# Speculative Decoding

Speculative Decoding was proposed in Fast Inference from Transformers via Speculative Decoding by Yaniv Leviathan et. al. from Google. It works on the premise that a faster, assistant model very often generates the same tokens as a larger main model.

This project aims to test this using Open AI's Whisper speech transcription model.

# Benchmarking Whisper large-v2


In [None]:
!pip install torch
!pip install transformers
!pip install accelerate

In [None]:
import torch
from transformers import AutoModelForSpeechSeq2Seq, AutoProcessor

device = torch.device("cuda" if torch.cuda.is_available() else "cpu")
torch_dtype = torch.float16 if torch.cuda.is_available() else torch.float32

model_id = "openai/whisper-large-v2"

model = AutoModelForSpeechSeq2Seq.from_pretrained(
    model_id,
    torch_dtype=torch_dtype,
    # low_cpu_mem_usage=True, # fast loading
    use_safetensors=True, # secure (over pickle)
    attn_implementation="sdpa", # Flash Attention speed-up
)

model.to(device)

processor = AutoProcessor.from_pretrained(model_id)

In [None]:
!pip install datasets
from datasets import load_dataset

dataset = load_dataset("hf-internal-testing/librispeech_asr_dummy", "clean", split="validation")

In [None]:
# time taken test 

import time

def time_gen(model, inputs, **kwargs):
    start = time.time()
    outputs = model.generate(**inputs, **kwargs)
    gen_time = time.time() - start
    return outputs, gen_time

In [None]:
!pip install librosa
!pip install soundfile
!pip install langchain
!pip install sentence-transformers
!pip uninstall numpy -y
!pip install numpy==1.26.4
from tqdm import tqdm

all_time = 0
pred = []
ref = []

def dummy_npwarn_decorator_factory():
  def npwarn_decorator(x):
    return x
  return npwarn_decorator
np._no_nep50_warning = getattr(np, '_no_nep50_warning', dummy_npwarn_decorator_factory)


for sample in tqdm(dataset):
    audio = sample["audio"]
    inputs = processor(audio["array"], sampling_rate=audio["sampling_rate"], return_tensors="pt")
    inputs = inputs.to(device=device, dtype=torch.float16)

    output, gen_time = time_gen(model, inputs)
    all_time += gen_time
    pred.append(processor.batch_decode(output, skip_special_tokens=True, normalize=True)[0])
    ref.append(processor.tokenizer._normalize(sample["text"]))

print(f"Total time taken: {all_time:.2f}s")

In [None]:
!pip install evaluate
!pip install jiwer

from evaluate import load

wer = load("wer")
print(wer.compute(predictions=pred, references=ref))

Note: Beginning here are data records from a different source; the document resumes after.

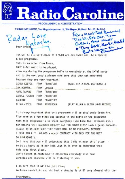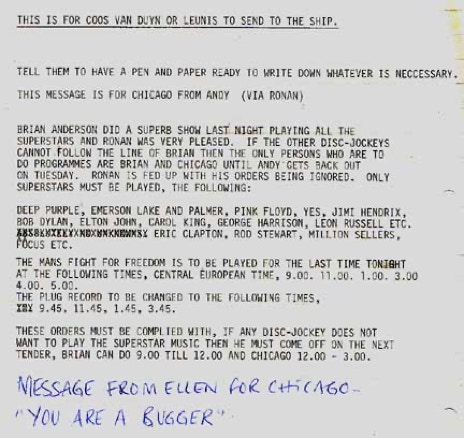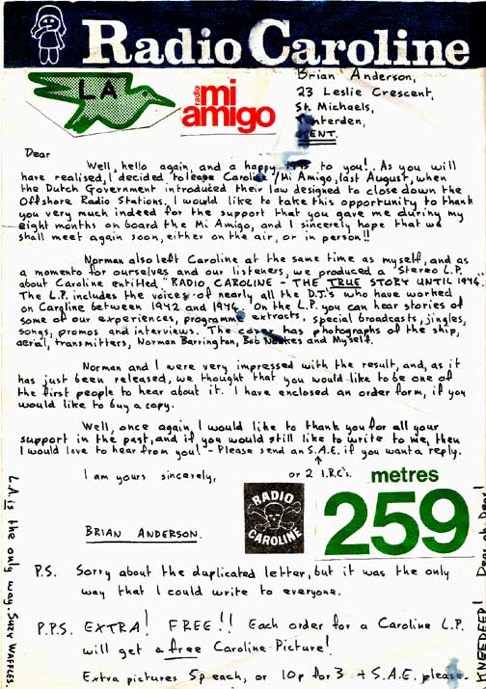 When I left Radio Caroline I lived in the Hague for 4 months getting stoned and eating cheese rolls. AMAZINGLY myself and Norman Barrington were the only ones on board in 1974 who could - or could be bothered to - EDIT!!! We were the only ones who recorded and saved material.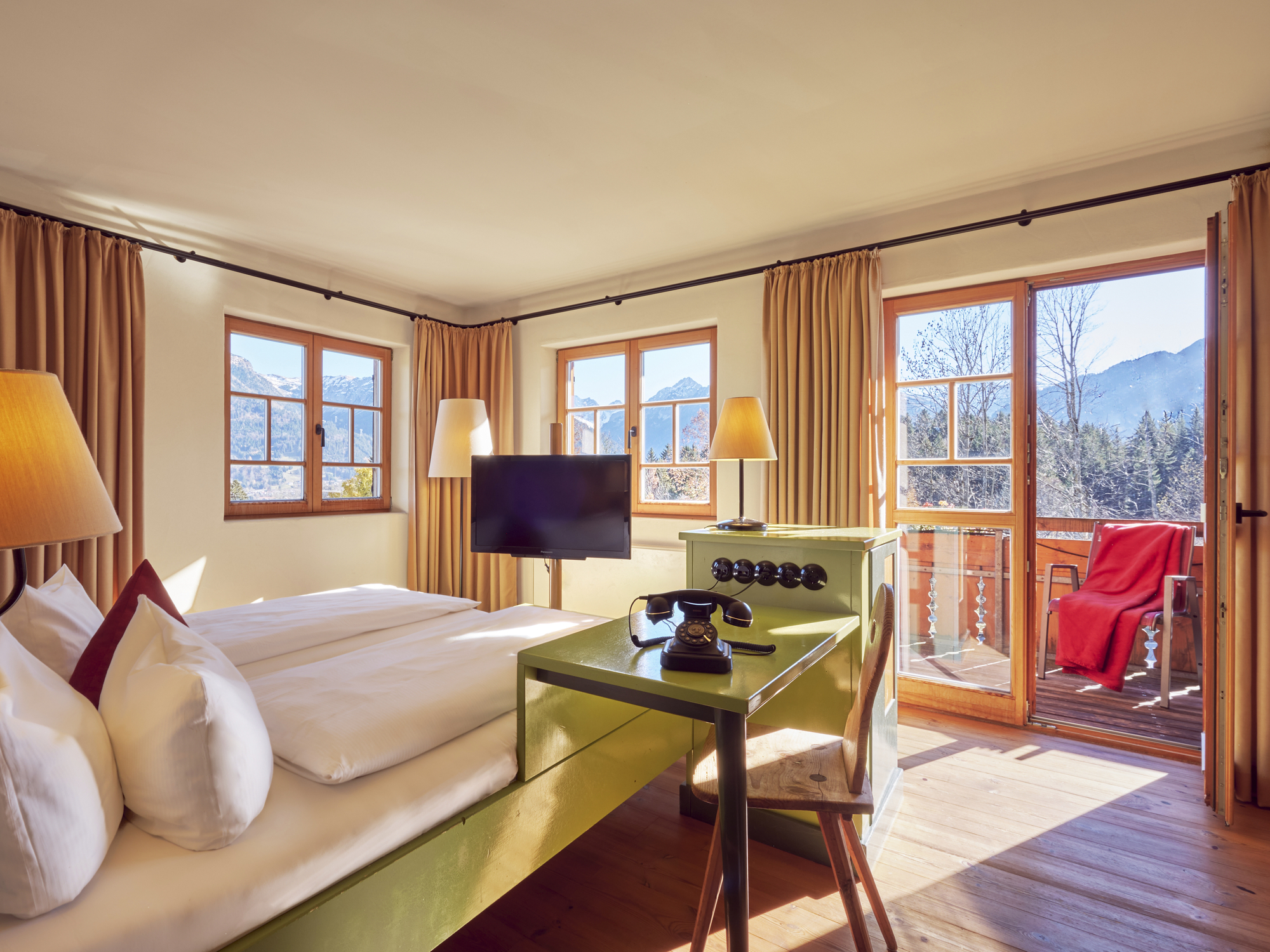 Die großzügigen Doppelzimmer Allgäu Feeling, im ursprünglichen Allgäuer Stil, sind mit viel Holz und Naturstein gestaltet. Die Zimmer verfügen alle über Dusche/WC, Sat-TV, Telefon, gratis WLAN und teilweise Balkon. Angelehnt an die Allgäuer Wohntradition bieten die neuen Allgäu Design-Zimmer sowie die Allgäu Feeling-Zimmer ein besonderes Wohnerlebnis. Mit kleinen antiquarischen Details werden Sie in vergangene Zeiten entführt. Für Familien und Gäste, die noch mehr Raum wünschen bieten die 1-Raum und 2-Raum-Appartements im neuen Allgäu Chalet das ideale Urlaubszuhause. Mit kombiniertem oder getrenntem Wohn- und Schlafzimmer bieten die stilvoll gestalteten Appartements besonders viel Platz. Zur luxuriösen Ausstattung gehören z.B. helle naturgeölte Fichtenholzböden, eine Wand mit Goldpigmenten, hochwertige handgefertigte Design-Möbel sowie mit Allgäuer Kavaliersloden bezogene Polstermöbel und Lederfleckerlteppiche.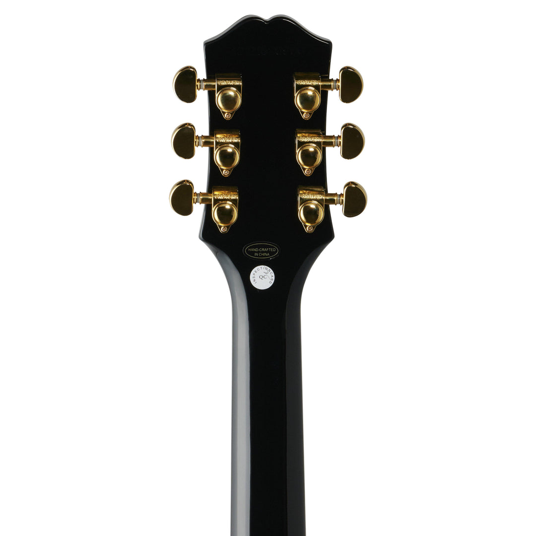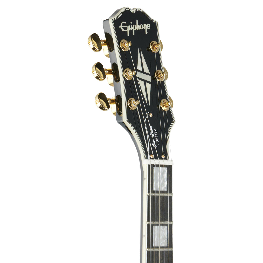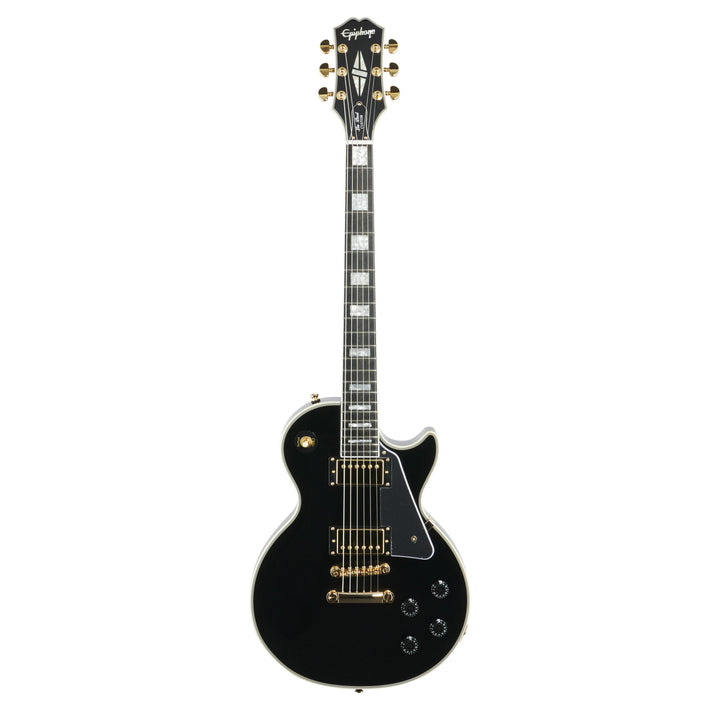 The new Les Paul Custom is part of Epiphone's Inspired by Gibson Collection and honors the 1950s classic designed by Mr. Les Paul in 1954 as the "tuxedo" version of his groundbreaking solid body masterpiece. Featuring a traditional Custom-style Mahogany body and Ebony fingerboard, gold hardware, critically acclaimed ProBucker humbuckers with CTS electronics, Grover machine heads, and Custom style inlay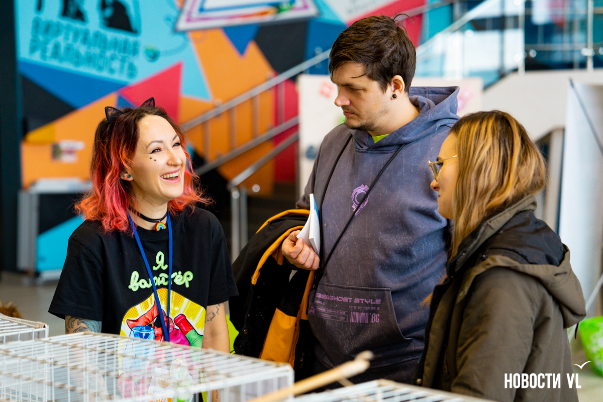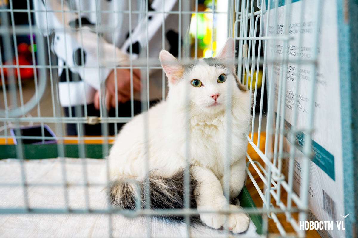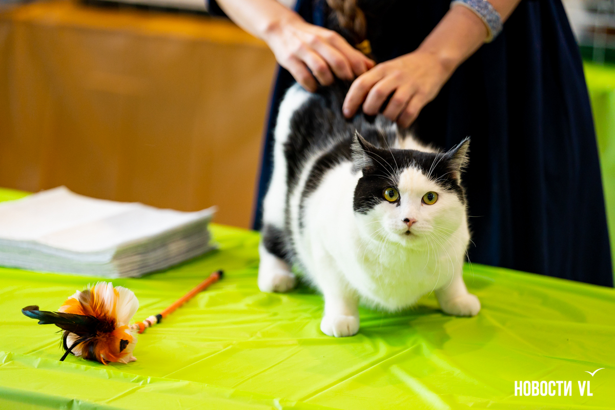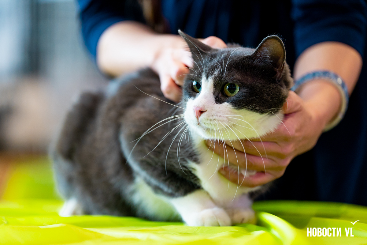 За трёхцветную Лауру отвечает Яна Киселёва – волонтёр центра «Лапочки» ДВФУ. Рассказывает, что Лауру очень долго не могли забрать у её бывшей хозяйки. Женщина жила в хрущёвке с несколькими животными, но в какой-то момент котики начали размножаться, их стало больше сорока. Многие не выживали, но Лауре повезло. Теперь она ищет новый дом.

# Using Speculative Decoding

In [None]:
from transformers import AutoModelForCausalLM

assistant_model_id = "distil-whisper/distil-large-v2"

assistant_model = AutoModelForCausalLM.from_pretrained(
    assistant_model_id,
    torch_dtype=torch_dtype,
    low_cpu_mem_usage=True, # fast loading
    use_safetensors=True, # secure (over pickle)
    attn_implementation="sdpa", # Flash Attention speed-up
)

assistant_model.to(device)

In [None]:
def assisted_generate_with_time(model, inputs, **kwargs):
    start_time = time.time()
    outputs = model.generate(**inputs, assistant_model=assistant_model, **kwargs)
    generation_time = time.time() - start_time
    return outputs, generation_time

In [None]:
all_time = 0
pred = []
ref = []

for sample in tqdm(dataset):
    audio = sample["audio"]
    inputs = processor(audio["array"], sampling_rate=audio["sampling_rate"], return_tensors="pt")
    inputs = inputs.to(device=device, dtype=torch.float16)

    out, gen_time = assisted_generate_with_time(model, inputs)
    all_time += gen_time
    pred.append(processor.batch_decode(out, skip_special_tokens=True, normalize=True)[0])
    ref.append(processor.tokenizer._normalize(sample["text"]))

print(f"Total time taken: {all_time:.2f}s")

In [None]:
print(wer.compute(predictions=pred, references=ref))

# Conclusion

We end with a slight speed-up in inference time, while maintaining the same WER score.